Condoleezza Rice has called School Choice “the civil rights issue of our times.” The former Secretary of State, who is now head of Stanford University’s renowned Hoover Institution, explained recently what she means at an event held at The Reagan Presidential Library.
Jason Riley, columnist for The Wall Street Journal, tells us Ms. Rice spoke pointedly about the importance of school choice for low-income families. “We already have a choice system in education,” she said. “If you are of means, you will move to a district where the schools are good and the houses are expensive, like Palo Alto, Calif.” If you can afford it, she added, “you will send your kids to private school. So, who’s stuck in failing neighborhood schools? Poor kids. A lot of them minority kids.”
Ms. Rice expressed little patience for elites who criticize school choice for others while exercising it for their own kin. “How can you say you’re for civil rights—how can you say you’re for the poor—when you’re condemning those children to not being able to read?” she said. “If you want to say that school choice and vouchers and charter schools are destroying the public schools, fine. You write that editorial in the Washington Post. But then, don’t send your kids to Sidwell Friends,” the private school in Washington where tuition tops $55,000.
The good news is that school-reform advocates have made significant gains in recent years even though the current administration has been more hostile than its Democratic predecessors to educational choice. Bill Clinton and Barack Obama supported charters, as do large majorities of low-income minorities, but Joe Biden has disparaged school choice and has made it more difficult for charter operators to secure federal funding. The reason is Biden is beholden to the teachers unions because his wife Jill is a member!
But states are making progress. In 2023 Arkansas, Florida, Iowa and Ohio created or expanded programs that give underprivileged families more education options. Earlier this year, Alabama’s Republican governor, Kay Ivey, signed the Choose Act, which creates education savings accounts that can be used for public schools, private schools, online schools or home schooling. And in Texas, GOP Gov. Greg Abbott overcame opposition from the teachers unions (and some antichoice Republicans) to secure a legislative majority in November that will allow the state to pass an ESA bill that failed last year.

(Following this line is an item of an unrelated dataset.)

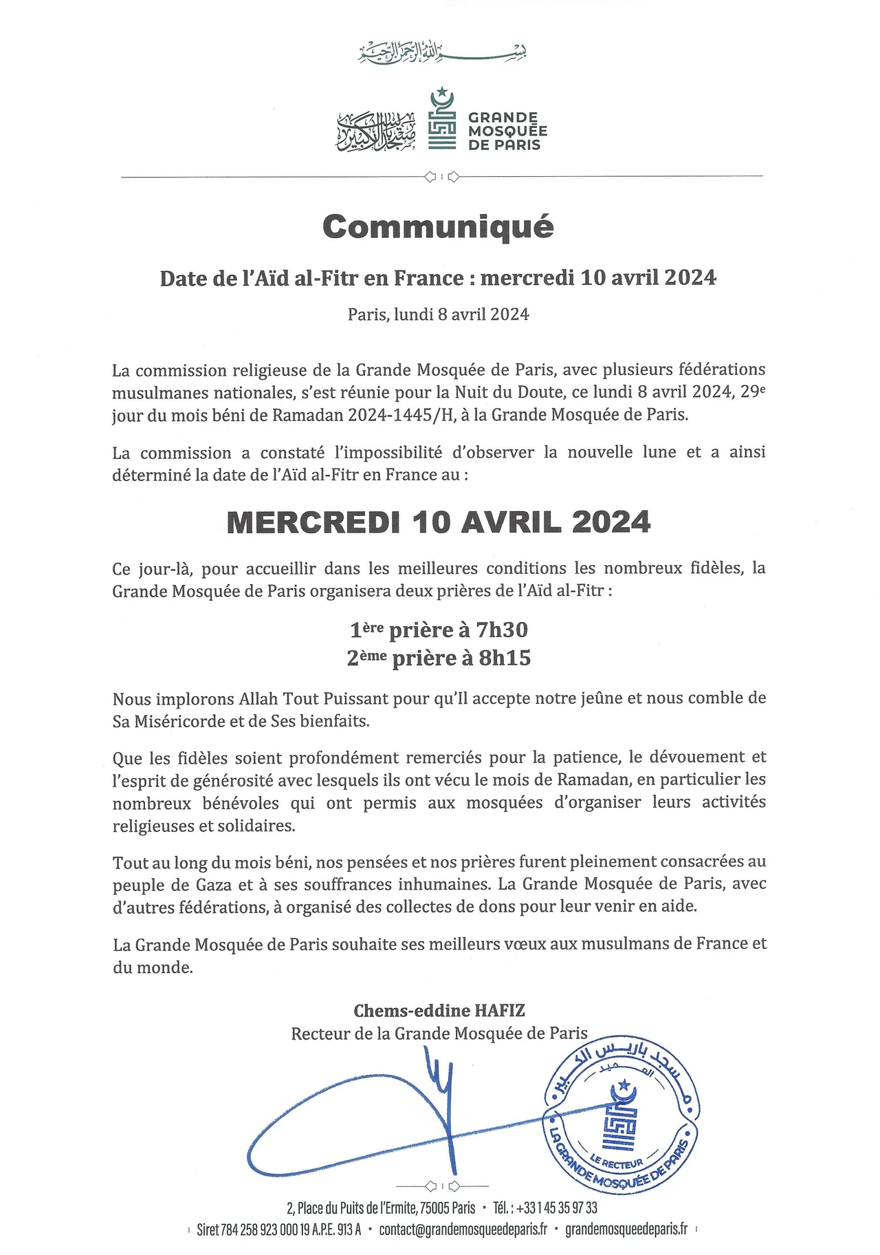 France. Ce lundi 8 avril a marqué une journée importante pour la communauté musulmane, alors que la Grande Mosquée de Paris a confirmé que la fin du mois de jeûne du ramadan serait observée deux jours plus tard. Cette annonce fait écho à celle de l’Arabie saoudite, terre sainte de l’islam, qui a déclaré que l’Aïd el-Fitr, la fête de la rupture du jeûne, débuterait mercredi.

Nevertheless, school-choice evangelists suffered a defeat last week in Oklahoma, where the state Supreme Court blocked plans to establish the country’s first religious charter school. Last year, an Oklahoma school board voted to approve a Catholic Archdiocese application to create the taxpayer-funded St. Isidore of Seville Catholic Virtual School. State Attorney General Gentner Drummond, a Republican, sued to stop the school from opening, alleging that a contract between the state and a religious institution violated state and federal law.
In a 6-2 ruling, the court said Oklahoma’s constitution requires public schools, including charter schools, to be nonsectarian. The court also said that the contract violated the Establishment Clause of the U.S. Constitution, which prohibits the state from using public money to support a religious institution. A lawyer for St. Isidore told the Journal that an appeal to the U.S. Supreme Court is in the works, and let’s hope so.
It’s hard to imagine anyone opposing school choice initiatives unless they are beholden to the teachers unions. School choice is the means to a productive future that should be available to all children, regardless of their economic status. If you oppose that, you are exposing your political bias and demonstrating you care more about the teachers union agenda than you do about the future of America’s children.
Just as civil rights became the issue of the 1960s, school choice has become the issue of the 21st century. It’s time everyone got on board this train.